» Problem to solve
Give back exactly the lines from the one that holds "5.以下の確認メッセージが表" through the final line of the data; omit the pictures and add nothing.

Stored data entries
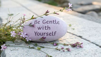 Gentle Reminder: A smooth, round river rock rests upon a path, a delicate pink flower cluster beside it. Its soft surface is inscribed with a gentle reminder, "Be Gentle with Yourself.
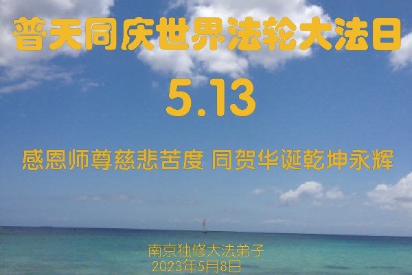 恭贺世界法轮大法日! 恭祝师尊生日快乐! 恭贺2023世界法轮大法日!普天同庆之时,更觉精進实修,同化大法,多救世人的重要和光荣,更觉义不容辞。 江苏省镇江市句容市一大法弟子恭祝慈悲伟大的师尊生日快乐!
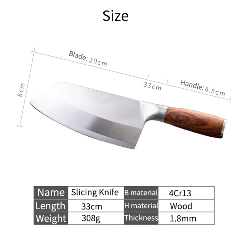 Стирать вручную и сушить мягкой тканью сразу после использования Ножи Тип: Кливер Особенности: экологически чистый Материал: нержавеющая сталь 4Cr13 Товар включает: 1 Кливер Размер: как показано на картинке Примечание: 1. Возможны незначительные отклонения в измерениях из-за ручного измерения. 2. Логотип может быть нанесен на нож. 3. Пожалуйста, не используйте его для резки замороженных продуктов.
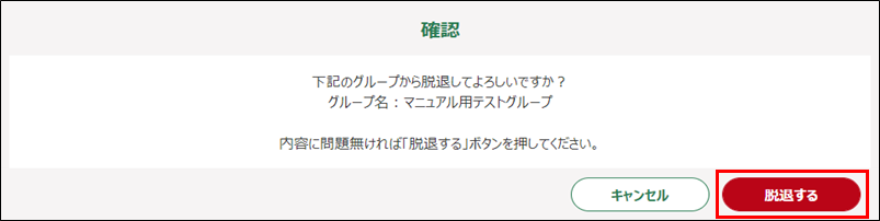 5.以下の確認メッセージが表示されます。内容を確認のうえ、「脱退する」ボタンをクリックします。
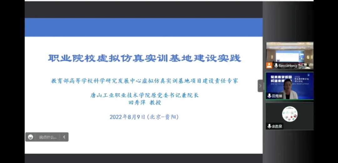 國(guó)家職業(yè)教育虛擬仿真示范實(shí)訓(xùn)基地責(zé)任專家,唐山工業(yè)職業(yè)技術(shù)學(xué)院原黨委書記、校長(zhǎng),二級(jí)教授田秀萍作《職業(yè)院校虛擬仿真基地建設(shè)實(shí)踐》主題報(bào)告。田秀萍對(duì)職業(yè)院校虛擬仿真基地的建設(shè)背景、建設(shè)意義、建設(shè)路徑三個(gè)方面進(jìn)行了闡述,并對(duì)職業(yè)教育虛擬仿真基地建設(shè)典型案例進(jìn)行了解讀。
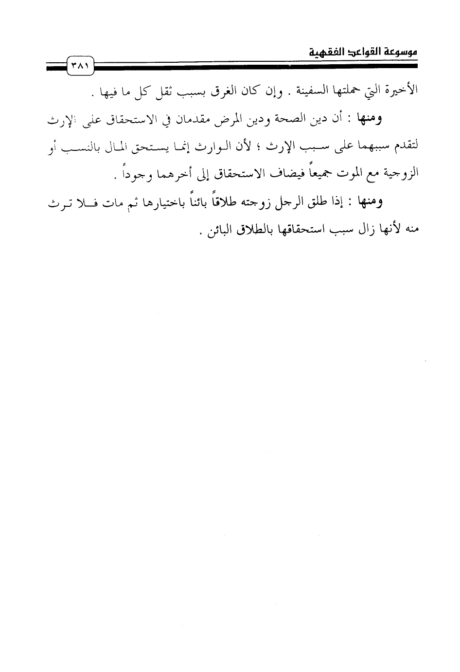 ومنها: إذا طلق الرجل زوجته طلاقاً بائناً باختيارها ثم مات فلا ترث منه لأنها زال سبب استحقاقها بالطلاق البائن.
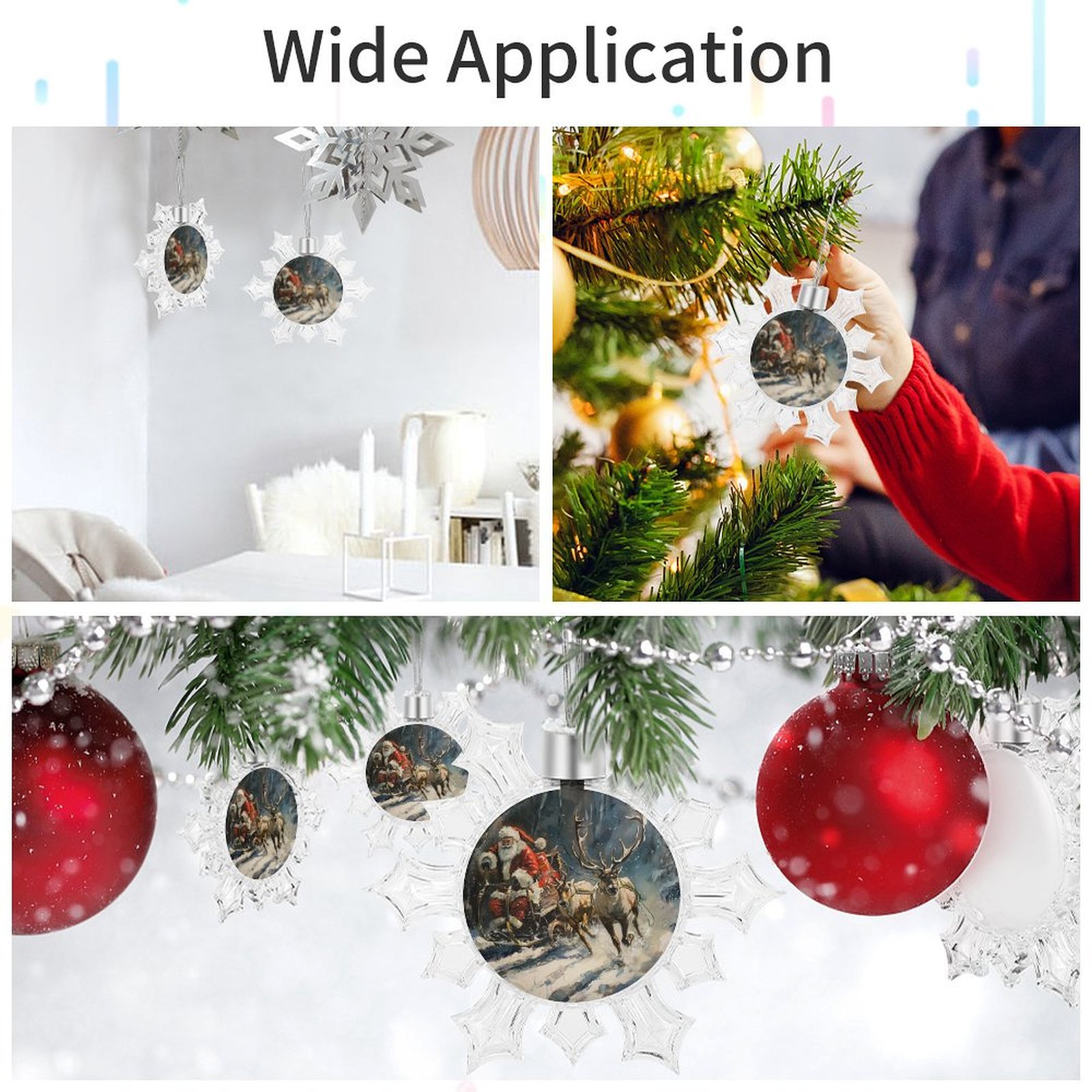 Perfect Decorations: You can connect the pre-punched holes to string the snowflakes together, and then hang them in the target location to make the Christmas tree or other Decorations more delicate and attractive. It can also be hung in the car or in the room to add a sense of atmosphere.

» Output for this exercise
 5.以下の確認メッセージが表示されます。内容を確認のうえ、「脱退する」ボタンをクリックします。
 國(guó)家職業(yè)教育虛擬仿真示范實(shí)訓(xùn)基地責(zé)任專家,唐山工業(yè)職業(yè)技術(shù)學(xué)院原黨委書記、校長(zhǎng),二級(jí)教授田秀萍作《職業(yè)院校虛擬仿真基地建設(shè)實(shí)踐》主題報(bào)告。田秀萍對(duì)職業(yè)院校虛擬仿真基地的建設(shè)背景、建設(shè)意義、建設(shè)路徑三個(gè)方面進(jìn)行了闡述,并對(duì)職業(yè)教育虛擬仿真基地建設(shè)典型案例進(jìn)行了解讀。
 ومنها: إذا طلق الرجل زوجته طلاقاً بائناً باختيارها ثم مات فلا ترث منه لأنها زال سبب استحقاقها بالطلاق البائن.
 Perfect Decorations: You can connect the pre-punched holes to string the snowflakes together, and then hang them in the target location to make the Christmas tree or other Decorations more delicate and attractive. It can also be hung in the car or in the room to add a sense of atmosphere.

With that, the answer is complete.